The purpose of the multilingual dictionary at Akusanat (AKU + sanat `words') was to provide multiple downloadables. First, glossing dictionaries had notations assigning inflectional types of different word types, making it reasonable for downloading `LEMMA + PoS + STEM + INFLECTION' segments for use in the root .lexc files of finite-state descriptions. Second, glossing dictionaries could be downloaded as XML files for online morphology-savvy dictionaries maintained at GiellaLT. Third, translation-pair dictionaries could be downloaded for use in open-source [3](Apertium) shallow-transfer rule-based machine translation. Fourth, the dictionary could be developed as an editing platform for LATEX download of dictionaries, the Finnish-Skolt Saami dictionary at [4](Verdd), for example. Downloadability also came to mean that there should be an analogous upload for the different formats.

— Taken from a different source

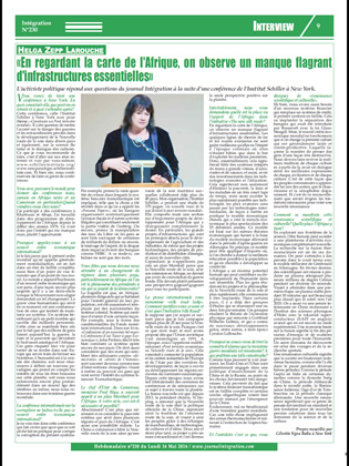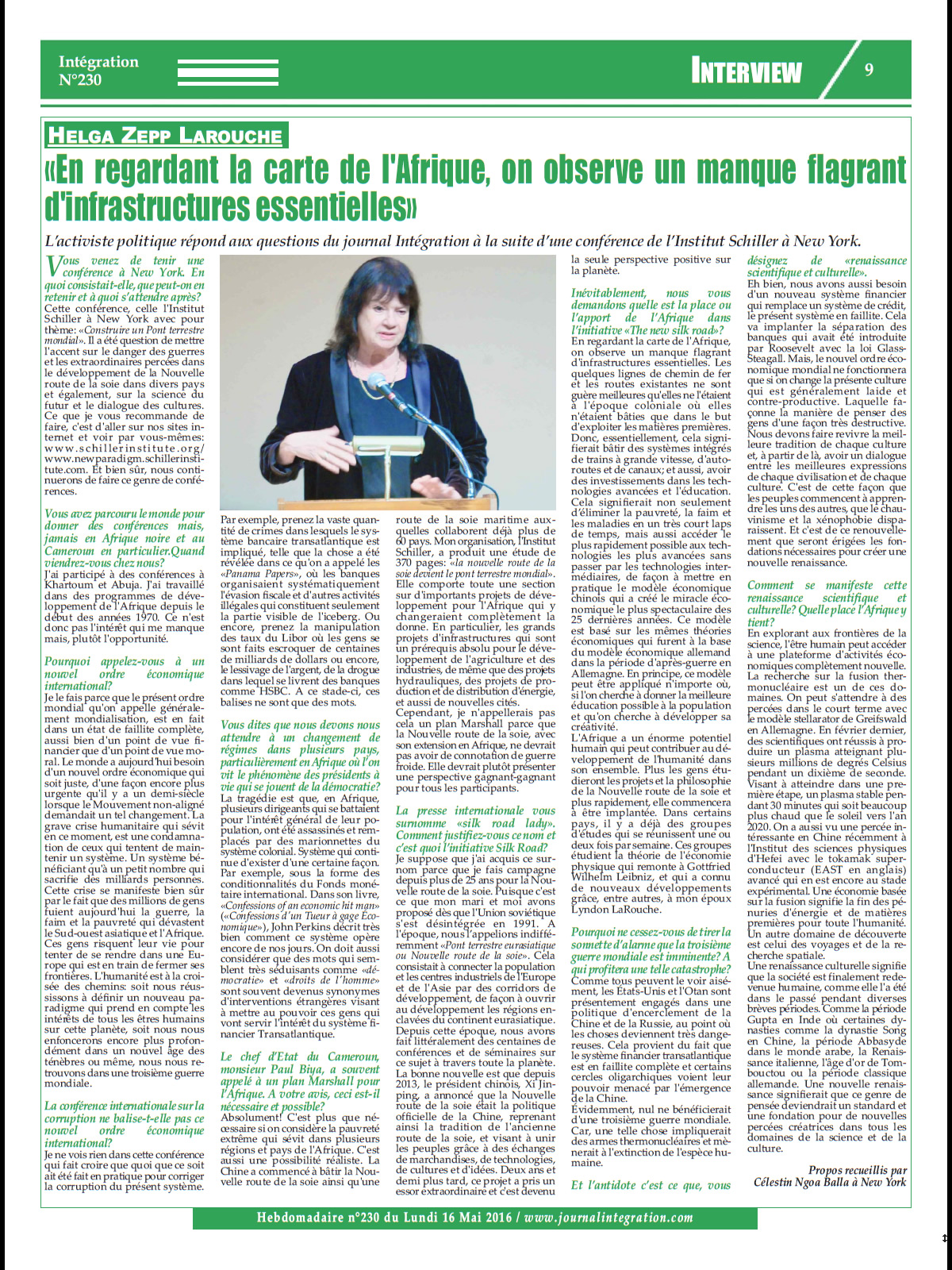 This interview of Schiller Institute founder Mrs. Helga Zepp-LaRouche was conducted for the weekly Cameroonian publication l'Intégration (www.journalintegration.com), on May 6, 2016 by its New York City correspondent Celestin Ngoa Balla, and was published in its May 16 issue. Below is a transcript of the interview.

The development of the Verdd dictionary editing platform has seen the introduction of translation predictions for new language pairs, which have been tested, for example, on Livonian, Olonets-Karelian, Finnish and Karelian. The prediction algorithm has been refined, with variables including the use of all translation pairs versus only approved translation pairs. This is deemed to simplify the construction of new translation pair dictionaries (bidix) for work in Apertium, and its enhancement will hopefully continue through another Google Summer of Code project.

Nowadays, the multilingual dictionaries at Akusanat directly contribute to the description and facilitation of minority languages on four continents: Europe, Asia, North America and South America. This asset greatly enhances the working of the Erzya-Moksha Electric Resource And Language Diversity project [5](EMERALD).

- Alnajjar, K., Hämäläinen, M., Partanen, N., & Rueter, J. (2022). Using Graph-Based Methods to Augment Online Dictionaries of Endangered Languages. In S. Moeller, A. Anastasopoulos, A. Arppe, A. Chaudhary, A. Harrigan, J. Holden, J. Lachler, A. Palmer, S. Rijhwani, & L. Schwartz (Eds.), Proceedings of the Fifth Workshop on the Use of Computational Methods in the Study of Endangered Languages (pp. 139-148). The Association for Computational Linguistics. https://doi.org/10.18653/v1/2022.computel-1.18

- Alnajjar, K., Rueter, J., Partanen, N., & Hämäläinen, M. (2021). Enhancing the Erzya-Moksha dictionary automatically with link prediction. Folia Uralica Debreceniensia, 28, 7-18.

- Alnajjar, K., Hämäläinen, M., Rueter, J., & Partanen, N. (2020). Ve’rdd. Narrowing the Gap between Paper Dictionaries, Low-Resource NLP and Community Involvement. In M. Ptaszynski, & B. Ziolko (Eds.), Proceedings of the 28th International Conference on Computational Linguistics: System Demonstrations International Committee on Computational Linguistics.

- Alnajjar, K., Hämäläinen, M., Partanen, N., & Rueter, J. (2019). The Open Dictionary Infrastructure for Uralic Languages. In Электронная Письменность Народов Российской Федерации: Опыт, Проблемы И Перспективы (pp. 49-51). Башкирская энциклопедия.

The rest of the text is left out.